Israele minaccia ad esempio un’invasione di terra attraverso movimenti di uomini e mezzi, avvertimenti pubblici alla popolazione libanese o addirittura prospettando futuri insediamenti sionisti nel sud del paese dei cedri. Al netto della propaganda, Netanyahu e i vertici militari ritengono tuttavia a dir poco problematica un’opzione di questo genere ed è probabile che, a parte sviluppi eccezionali, non avrà luogo nel breve periodo.

Un attacco di terra in Libano scatenerebbe innanzitutto una reazione massiva da parte di Hezbollah. Israele e la stampa ufficiale in Occidente sostengono che nell’ultima settimana Hezbollah abbia subito perdite devastanti in termini di uomini (comandanti) e armamenti. In realtà, le operazioni israeliane, come di consueto di stampo terroristico, hanno finora causato centinaia o migliaia di vittime in grandissima parte civili, sia pure con qualche importante eccezione, mentre le armi di Hezbollah restano ben nascoste e fuori dalla portata dei bombardamenti tutt’altro che chirurgici delle forze sioniste.

Un’intensificazione dello scontro potrebbe anche avere l’effetto indesiderato di costringere allo sfollamento altri coloni israeliani che risiedono nel nord del paese, senza quindi risolvere la questione dei profughi interni ma anzi aggravandola. Hezbollah potrebbe anche fare ricorso al suo arsenale di missili ben più sofisticati di quelli impiegati finora, colpendo istallazioni strategiche israeliane solitamente al di fuori della portata dei nemici. Questa settimana, il “Partito di Dio” ha dato un assaggio delle proprie potenzialità quando ha lanciato per la prima volta un missile balistico su Tel Aviv, dove intendeva colpire il quartier generale del Mossad.

Tutto questo senza nemmeno considerare le ripercussioni di un eventuale conflitto prolungato con Hezbollah su un’economia israeliana già in gravissimo affanno. Uno scenario ancora più rischioso se si considera che lo scoppio di una guerra totale sul territorio del Libano potrebbe convincere l’Iran e i suoi alleati nella regione ad abbandonare la relativa prudenza di questi mesi e ad agire in modo più deciso nello scontro con lo stato ebraico.

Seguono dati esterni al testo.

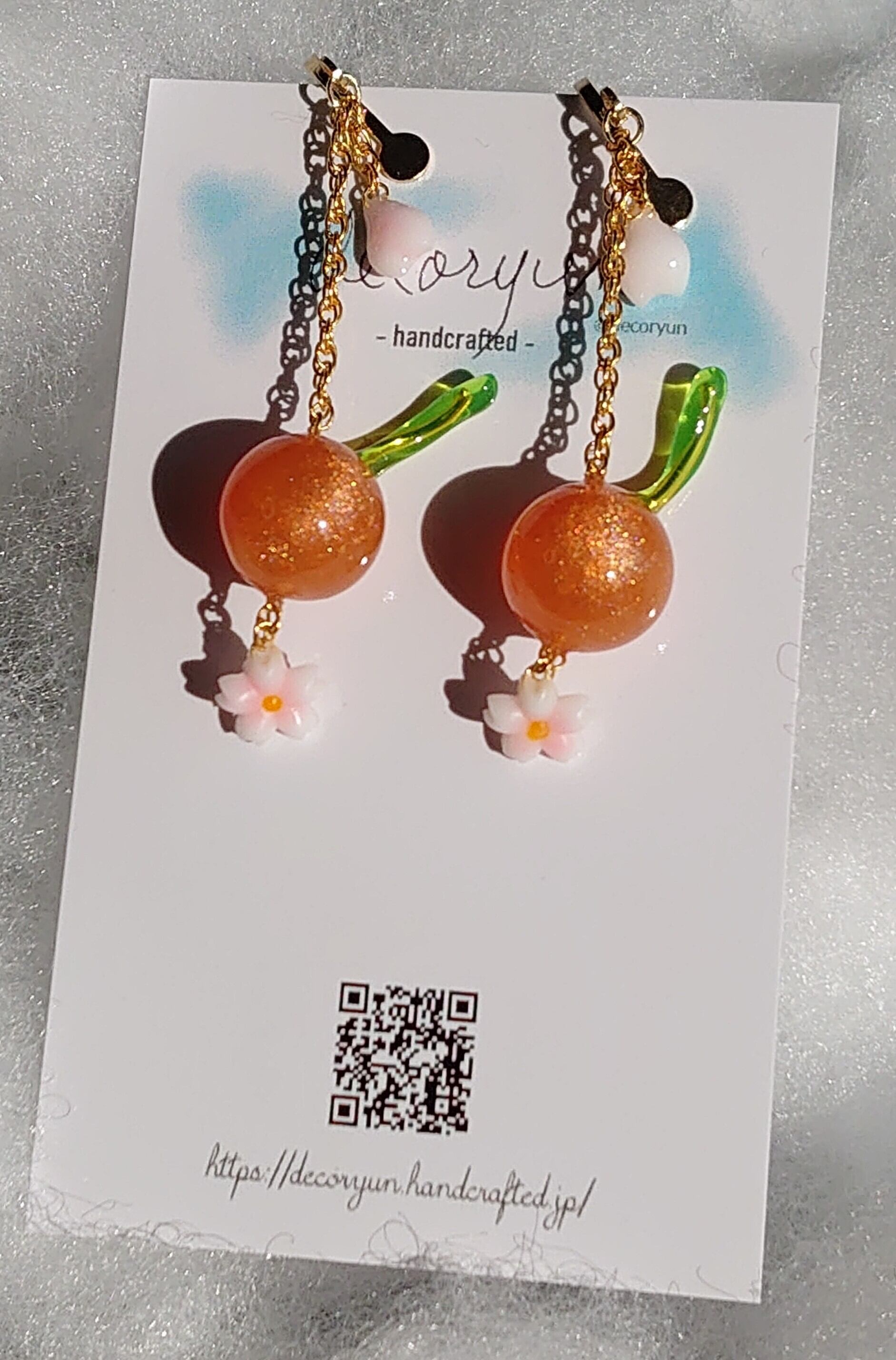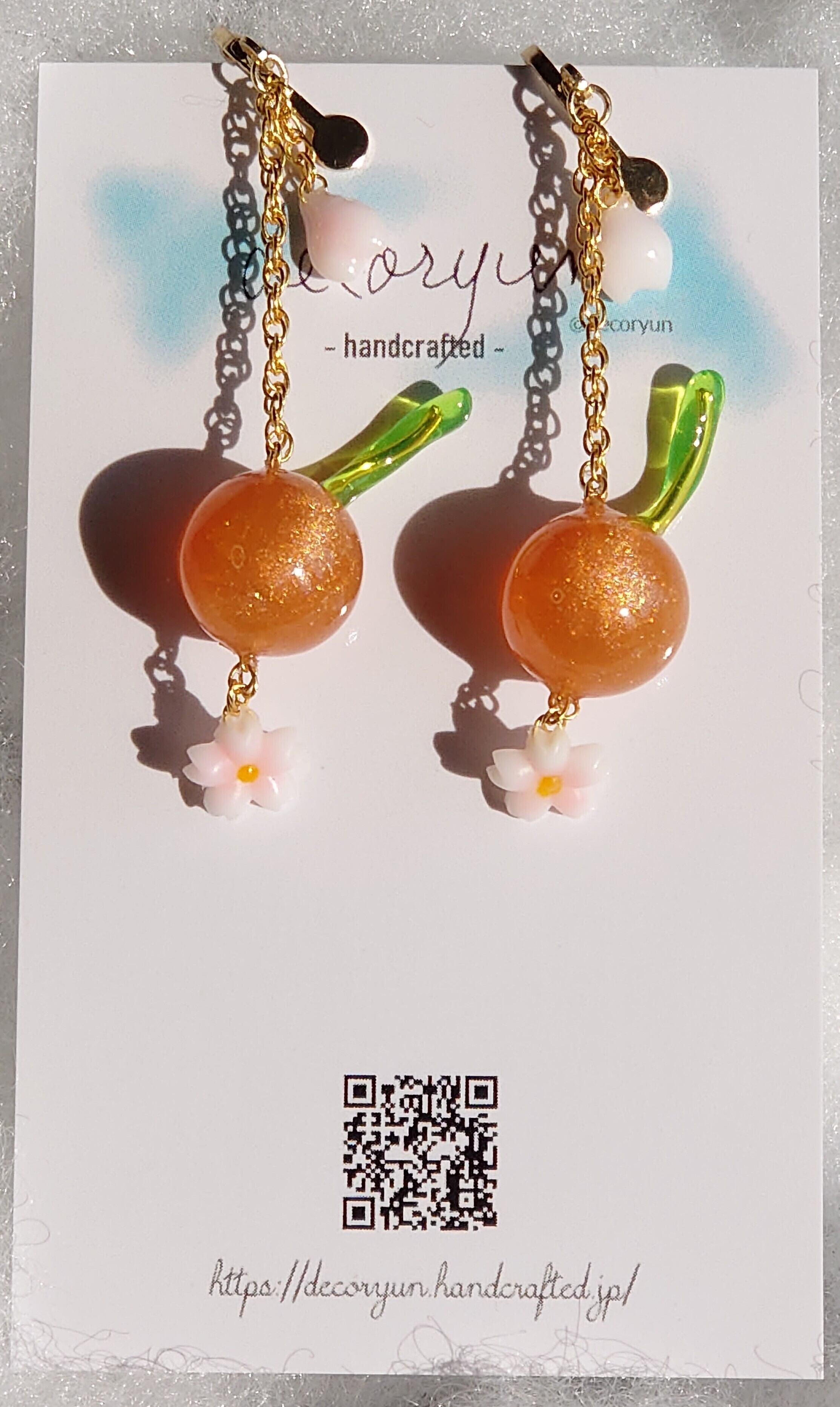 さくらんぼと春をイメージしたオレンジのチェリーチャームイヤリングです。 イエローにパールのピンクベージュを混ぜてちょっとキラキラするようにしてます♬ 明るめのグリーンの枝も印象的! ※この商品は無料オプションでイヤリング、ノンホールピアス、ピアス、パートチャームの金色パーツに変更できます。注文時にオプション選択にて選択してください。 全長 = 50mm さくらんぼの球体 = 12mm 重量 = 3g ※仕上がり具合により若干サイズに誤差があります。
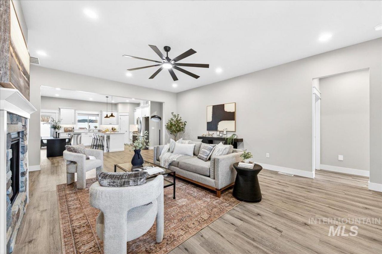 Discover modern, custom design, single-level living in Nampas Pheasant Meadows at this upgraded 2022-built gem backing to open common space with no rear neighbors. Relax on the front porch with room for rocking chairs ? the perfect spot to unwind and enjoy peaceful Idaho evenings. The open kitchen shines with quartz counters, a large island, a gas range, full tile backsplash, custom soft-close cabinetry, pull-out shelving, and under-cab lighting. The great room features a stone gas fireplace & built-in shelves. The primary suite offers quartz vanities, a freestanding tub, tiled walk-in shower, dual sinks, a makeup vanity, an oversized closet, and direct laundry/mudroom access with cabinetry. Split bedroom floorplan for privacy. Enjoy a 30ft deep garage, large back covered patio, full landscaping with auto-sprinklers, & 6-ft white vinyl fencing. Easy I-84 access, near parks, schools, and shopping.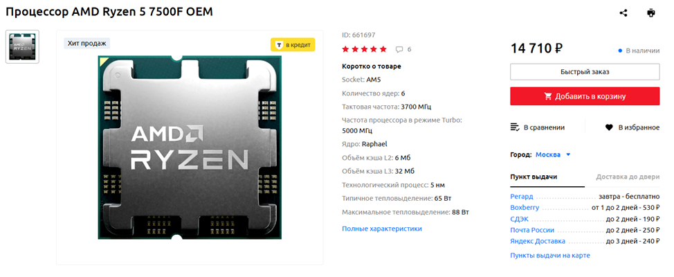 AMD Ryzen 5 7500F — в первую очередь, процессор для пользователей, собирающих ПК с целью дальнейшего апгрейда в рамках платформы AM5. Входной билет для этого сокета. Сам по себе проц не демонстрирует каких-то особенно впечатляющих результатов в плане игровой производительности. Да, Ryzen 5 5600, а также Intel Core i5-12400F/13400F/14400F он в гейминге перегоняет, но 13600KF/14600KF проигрывает с треском — это просто разные весовые категории. Да и шесть ядер по меркам 2025 года — маловато. Тем не менее, модель станет хорошим выбором для пользователей, планирующих в дальнейшем приобрести более мощный и дорогостоящий AMD AM5 CPU. Например, условный Ryzen 7 10800 или даже 10800X3D. Но учтите — чтобы провернуть подобный финт, материнскую плату стоит выбирать с приличной подсистемой питания, защищенной радиаторами.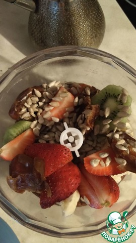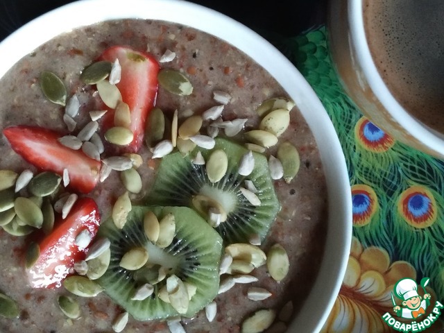 Вкусный и полезный завтрак готов! Переложить в пиалу, декорировав кусочками фруктов и семечками.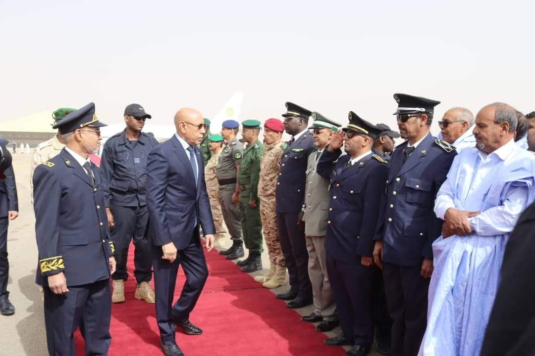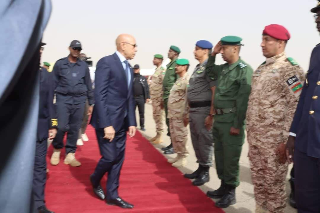 واستعرض فخامة رئيس الجمهورية وحدات من القوات المسلحة أدت له تحية الشرف، وذلك قبل أن يصافح سيادته أطر ووجهاء هذه الولاية.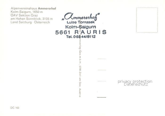 73601334 Rauris Alpenvereinshaus Ammererhof Kolm Saigurn am Hohen Sonnblick postalisch nicht gelaufen Erhaltung siehe scans [FriedD77] KatCode: 11390322050617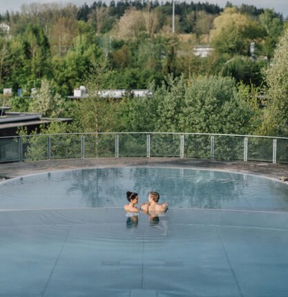 - Paar im Kaskaden-Becken des Spa Resort Geinberg

È assodato che nei calcoli di Netanyahu c’è l’auspicio che gli Stati Uniti decidano di intervenire a fianco di Israele nel momento in cui la situazione diventerà insostenibile. L’amministrazione Biden, che condivide in pieno gli obiettivi strategici di Israele, resta però scettica davanti alla prospettiva di una guerra ad alta intensità in Medio Oriente. Ciò perché un impegno maggiore da parte americana comporterebbe un dispendio di risorse che, alla luce della guerra in Ucraina, potrebbero non essere sufficienti e anche per le conseguenze negative che avrebbe sulle prospettive di successo di Kamala Harris nelle elezioni di novembre.

L’arroganza del criminale di guerra Netanyahu e dei suoi complici ai vertici delle forze di occupazione potrebbe portare perciò a un brusco risveglio. Se le perdite che Israele sostiene di avere inflitto a Hezbollah in questi giorni fossero effettivamente tali solo nella realtà della propaganda sionista, l’euforia che sta accompagnando la campagna libanese finirebbe per dissolversi in fretta, lasciando lo stato ebraico e il suo primo ministro in un altro pantano, senza obiettivi raggiungibili né, tanto meno, una exit strategy che garantisca gli equilibri militari precedenti alla guerra in corso.